Fine-tuning Hugging Face Multimodal Transformers in PyTorch

Data is everywhere and it comes in many forms. Text, images, audio and video are all sources of information we can use to understand the world. But what if we want to combine different types of data and analyze them together?

This is where multimodal data processing comes in. Multimodal data processing is the ability to handle and integrate data from different modalities, such as text and images. Combining different data types can help us extract more information and insights than using a single modality alone. One of the state-of-the-art methods for multimodal data processing is using transformer architectures.

This tutorial will show you how to fine-tune a multimodal transformer from the Python Hugging Face library in PyTorch. We will use a pre-trained model called Flava, a transformer that can process text and images. As an example problem, we will predict sentiment expressed in memes containing image and text captions.

If you want to know how to perform sentiment analysis using textual information only, step through our tutorial on fine funing BERT for sentiment analysis with PyTorch.

Many of the concepts in this tutorial, particularly PyTorch dataset creation and model training and evaluation, are derived from that tutorial. However, in this tutorial, we will focus on multimodal data.

Here we go!

Installing and Importing the Required Libraries

Before we start, we need to install and import the required libraries for our project. Since we’re running our code on Google Colab, we already have access to all the required libraries except the Accelerate and Transformers libraries. The following script installs these two libraries.

! pip install accelerate -U
! pip install datasets transformers[sentencepiece]

The script below imports the required libraries into our Python code.

import pandas as pd
import os
from PIL import Image
from sklearn.model_selection import train_test_split
import numpy as np
import torch
import torch.nn as nn
from torch.utils.data import Dataset, DataLoader
from transformers import AutoProcessor, FlavaModel
from PIL import ImageFile
ImageFile.LOAD_TRUNCATED_IMAGES = True
import warnings
warnings.simplefilter(action='ignore', category=FutureWarning)
from sklearn.metrics import classification_report, confusion_matrix, accuracy_score

Code More, Distract Less: Support Our Ad-Free Site

You might have noticed we removed ads from our site - we hope this enhances your learning experience. To help sustain this, please take a look at our Python Developer Kit and our comprehensive cheat sheets. Each purchase directly supports this site, ensuring we can continue to offer you quality, distraction-free tutorials.

Get Our Python Dev Kit

Importing and Preprocessing the dataset

The next step is to import and preprocess the dataset we’ll use for fine-tuning our multimodal Hugging Face transformer model. We will use the multimodal memes dataset, which contains 6,992 image memes with text descriptions, along with their sentiment labels. It’s pretty easy to import a Kaggle dataset directly into Google Colab, so I recommend you do that.
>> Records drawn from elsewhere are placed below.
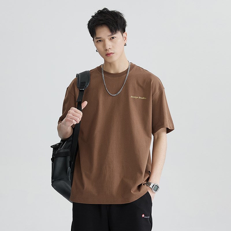 2025年新款帅气简单款短袖T恤男胖人加肥加大码宽松半袖纯色体恤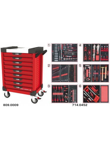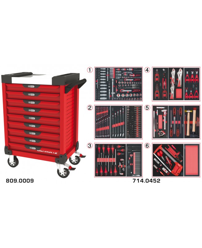 Servante ULTIMATE rouge 9 tiroirs équipée de 455 outils
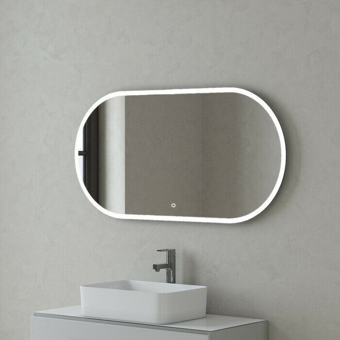 LED-подсветка, сенсорный выключатель с регулировкой яркости, то есть существует возможность регулировки освещенности (делать подсветку ярче или темнее). Класс защиты: IP67. Класс энергетической эффективности: A++. Серебряное зеркало, стекло высшего качества M1. AC/DC трансформатор. Зеркало может быть установлено как горизонтально, так и вертикально путем изменения положения крепежей.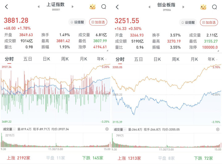 至收盘,上证综指涨1.78%,报3881.28点;科创50指数涨2.33%,报1290.79点;深证成指涨1.43%,报13536.56点;创业板指涨0.5%,报3251.55点。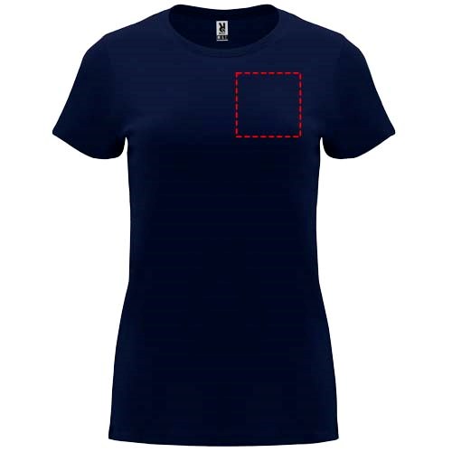 T-shirt ajusté à manches courtes pour femme. Col rond côtelé 1x1. Coutures recouvertes renforcées au col. Étiquette détachable.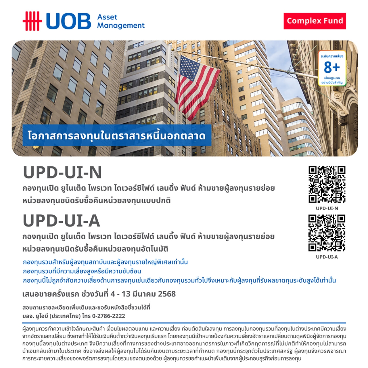 2. UPD-UI-A - กองทุนเปิด ยูไนเต็ด ไพรเวท ไดเวอร์ซิไฟด์ เลนดิ้ง ฟันด์ ห้ามขายผู้ลงทุนรายย่อย หน่วยลงทุนชนิดรับซื้อคืนหน่วยลงทุนแบบอัตโนมัติ https://www.uobam.co.th/th/mutual-fund/00854/UPD-UI-A

We downloaded our dataset into a folder called memes-dataset and the directory structure of the dataset looks like this:

memes dataset directory structure

The nested images folder contains the images of the memes, and the labels.csv file contains the image name, meme text, and the corresponding sentiment labels.

The following script imports the labels.csv file in the pandas dataframe and displays the dataframe header.
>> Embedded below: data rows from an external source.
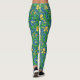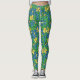 Leggings em um William Morris, Art Nouveau, impressão têxtil de riscas e folhas, melhoradas digitalmente e coloridas, em ouro amarelo, verde e azul macio, sobre fundo azul de cobalto profundo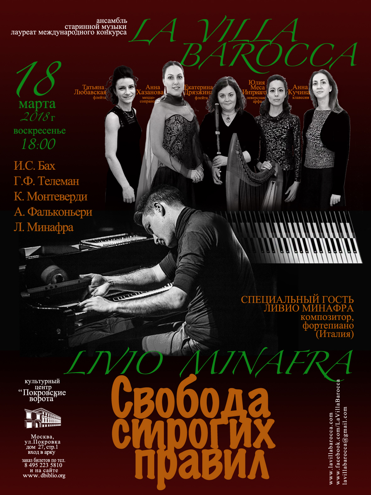 | | | | | | | | И, конечно же, музыка ♫ ♪ Бронирование билетов по телефону +7 495 223 58 10 | | | | Программа «Свобода строгих правил», подготовленная ансамблем старинной музыки «La Villa Barocca» совместно с итальянским джазовым пианистом Ливио Минафра, – это гармоничное переплетение двух стилей: барокко и джаза.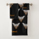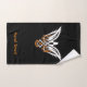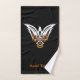Ícone de pássaro estilo tribal inspirado em designs de nó celta. Cor de fundo personalizada. Texto personalizado em cada toalha.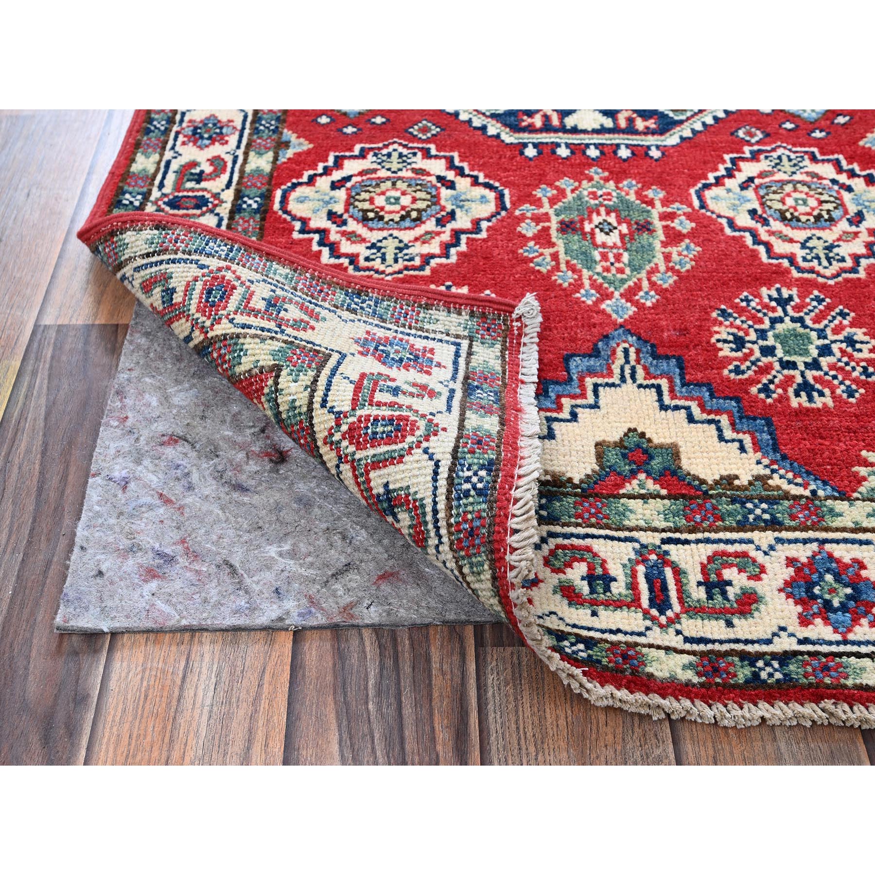 2'6"x4' Berry Red, Kazak With All Over Tribal Motifs, Hand Knotted, Soft And Shiny Wool, Vegetable Dyes, Denser Weave, Sample, Mat, Oriental Rug FWR2436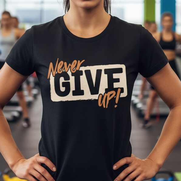 Never Give Up Graphic T Shirt Unisex Short Sleeve Tee With Motivational Quote Design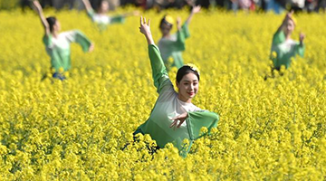 3月27日,在江西省宜春市万载县第二小学,学生在花灯戏剧团演员的指导下进行戏曲形体训练。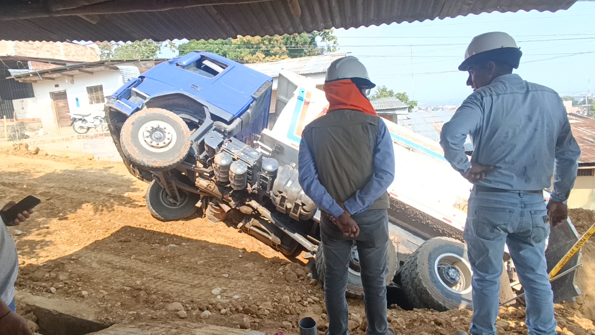 Un camión volquete terminó en una zanja en construcción para el cambio de redes de agua y desagüe en la cuadra seis del jirón Juan de la Riva Vásquez, en el barrio La Hoyada de Tarapoto, causando un gran susto entre los vecinos de la zona. Afortunadamente, el conductor salió ileso del incidente.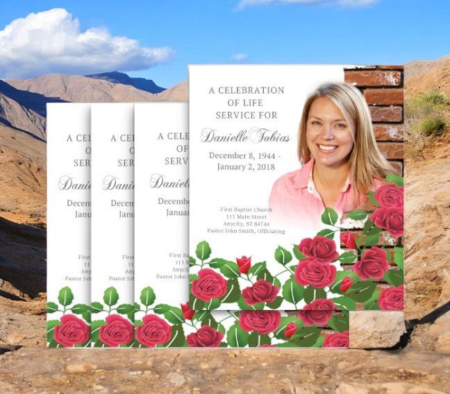 The Austere Memorial Cards Done For You Design & Print (Pack of 50) features a refined design with deep red roses gracefully lining the bottom border and a brick wall accent along the right edge, all set against a clean white background. This elegant combination creates a striking and timeless tribute, perfect for honoring your loved one’s memory with warmth and sophistication.

dataset = pd.read_csv("/content/memes-dataset/labels.csv")
dataset.head()

Output:

default memes dataset header

You can see that the dataframe has four relevant columns: image_name, text_ocr, text_corrected, and overall_sentiment.

The image_name column contains the names of the images; the text_ocr column contains the text extracted via an OCR (optical character recognizer.); the text_corrected column contains the manually corrected text of the memes, and the overall_sentiment column contains the sentiment labels.

We will create a new column, image_path, in our dataset, which contains the complete path to the image file for each record in the dataset.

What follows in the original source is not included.